Hyperlink reference listing

Using Deep CDR, this technique gathers all the hyperlink references (visible and invisible ones - e.g. those that are hidden behind an image) within the email body, and displays them together in one place.

The benefit is that the user can review the real hyperlink references, can spot the potentially malicious ones, and can make an informed decision about the risk level of clicking any of them.

The drawback of this technique is that the links are still clickable - accidentally or deliberately - within the email body.

Before (sent)

After (received)



Listed hyperlinks

Note the list of hyperlinks from the email body collected together at the bottom of the email.

The original hyperlinks are still fully functional.

Hyperlink reference removal

Using Deep CDR, this technique removes all the hyperlink references (visible and invisible ones - e.g. those that are hidden behind an image) within the email body, and adds the hyperlink reference as text.

The benefit is that the user can review the real hyperlink references, can spot the potentially malicious ones, and can make an informed decision about the risk level of visiting the referenced pages. It is also a benefit, that the links can not be clicked.

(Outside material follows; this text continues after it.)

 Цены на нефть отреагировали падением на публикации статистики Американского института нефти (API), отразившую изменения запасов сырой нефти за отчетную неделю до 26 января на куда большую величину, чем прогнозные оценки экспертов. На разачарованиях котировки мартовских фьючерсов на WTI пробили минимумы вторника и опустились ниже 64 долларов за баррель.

The drawback of this technique is that the links are not clickable, if the user wants to visit a referenced page, the reference must be copied to a browser.

Risk of working links

Some email clients can be configured to interpret URLs as hyperlinks, where there is no hyperlink reference, or even for text-only emails. In case of such a configuration it can turn out, that links defused by Email Gateway security are rendered by the client in a way that the resulted links are functional, exposing email recipients to the risk of falling victim to phishing attacks.

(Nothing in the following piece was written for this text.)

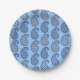 Assiettes En Carton Motif Paisley, bleu ciel, marine et blanc

Microsoft Outlook auto-formats URLs to hyperlinks by default. To disable this feature go to File / Options / Mail / Editor Options / Proofing / AutoCorrect Options / AutoFormat and disable the option Internet and network paths with hyperlinks (see the image below).


Before (sent)

After (received)



Flattened hyperlinks

Note the hyperlink references added as plain text between brackets in the email body text. Even the link hidden under the image can be displayed and disarmed with this technique.

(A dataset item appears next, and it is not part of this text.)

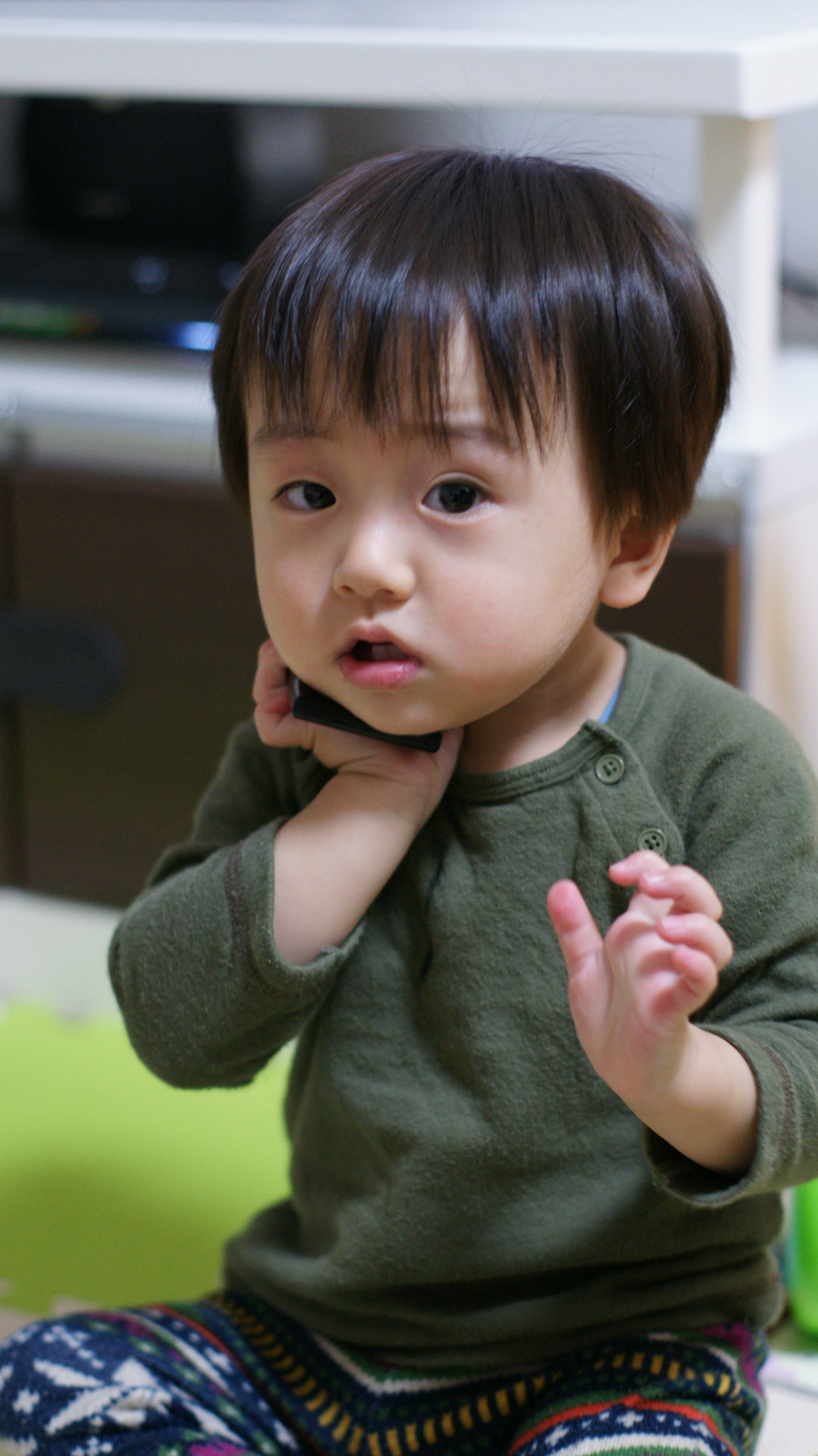 親の仕草を見よう見まねでやっています。 何か聞こえてるのかな? とりあえず携帯返してください。

The original hyperlinks are defused, clicking them results in no event.

Attachment disarm & reconstruction

Some phishing attacks use attached documents as weaponized content instead of hyperlinks.

Email Gateway Security splits an email to separate files of:

  • the header,

  • the body (for each of the text and HTML rendition in case of HTML formatted emails), and

  • the attachments.

These files are then sent to Deep CDR for processing. Deep CDR assumes all the headers, body and attachments are malicious and sanitizes and rebuilds each file ensuring full usability with safe content. When the email recipient opens the attached document, is is safe already.

Time-of-click analysis

If a malicious link reaches the recipient despite of all the countermeasures above, and the recipient clicks or opens it, MetaDefender Cloud’s Safe URL Redirect service is still there as a final line of defense.

This solution can also be effective against the threats that were yet unknown at the time of spam-filtering and Deep CDR processing.

For details see the Dynamic anti-phishing section under 5.7. Phishing and spam.